WHAT THE TASK ASKS:
Working from the start of the listing, please write out exactly the lines through the one that holds "Western Wall Rabbi", both included, and omit all pictures.

PROVIDED DATA:
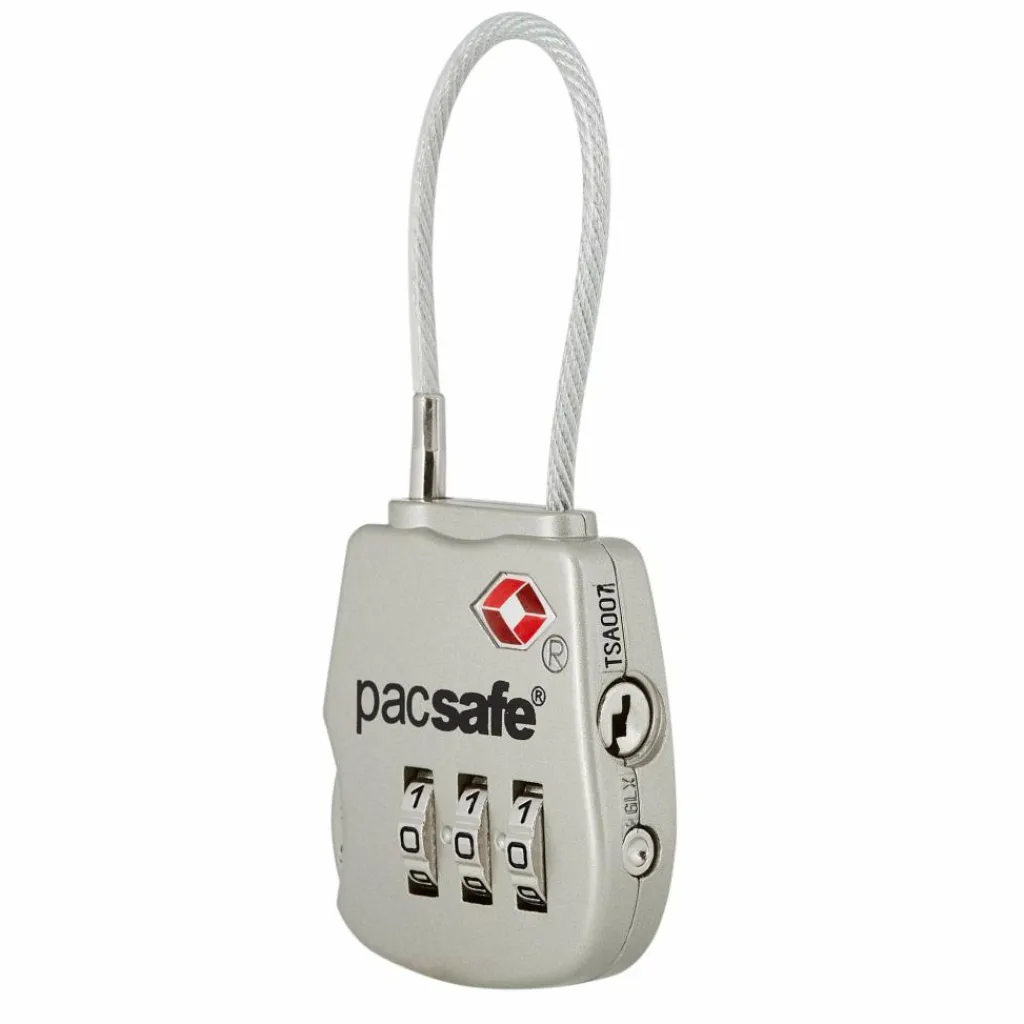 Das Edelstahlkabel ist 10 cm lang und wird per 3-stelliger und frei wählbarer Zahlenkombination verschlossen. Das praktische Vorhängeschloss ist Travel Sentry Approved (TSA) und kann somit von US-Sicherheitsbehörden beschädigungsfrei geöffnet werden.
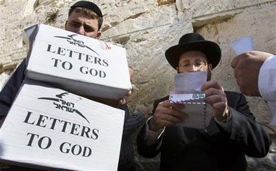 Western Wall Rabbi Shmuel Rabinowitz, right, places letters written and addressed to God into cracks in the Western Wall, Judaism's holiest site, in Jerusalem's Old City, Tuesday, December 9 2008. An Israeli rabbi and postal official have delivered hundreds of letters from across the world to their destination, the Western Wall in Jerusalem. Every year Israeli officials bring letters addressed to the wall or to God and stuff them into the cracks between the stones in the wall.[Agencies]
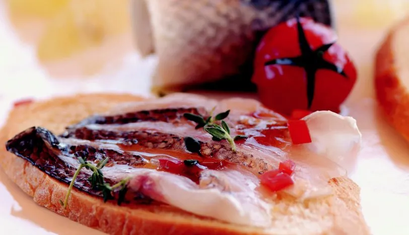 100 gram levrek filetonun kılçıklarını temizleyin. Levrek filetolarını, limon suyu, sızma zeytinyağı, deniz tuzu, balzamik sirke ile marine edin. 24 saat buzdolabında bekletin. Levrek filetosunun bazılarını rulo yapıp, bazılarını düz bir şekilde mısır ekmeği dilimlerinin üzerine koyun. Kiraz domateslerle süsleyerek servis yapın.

WRITTEN SOLUTION:
 Das Edelstahlkabel ist 10 cm lang und wird per 3-stelliger und frei wählbarer Zahlenkombination verschlossen. Das praktische Vorhängeschloss ist Travel Sentry Approved (TSA) und kann somit von US-Sicherheitsbehörden beschädigungsfrei geöffnet werden.
 Western Wall Rabbi Shmuel Rabinowitz, right, places letters written and addressed to God into cracks in the Western Wall, Judaism's holiest site, in Jerusalem's Old City, Tuesday, December 9 2008. An Israeli rabbi and postal official have delivered hundreds of letters from across the world to their destination, the Western Wall in Jerusalem. Every year Israeli officials bring letters addressed to the wall or to God and stuff them into the cracks between the stones in the wall.[Agencies]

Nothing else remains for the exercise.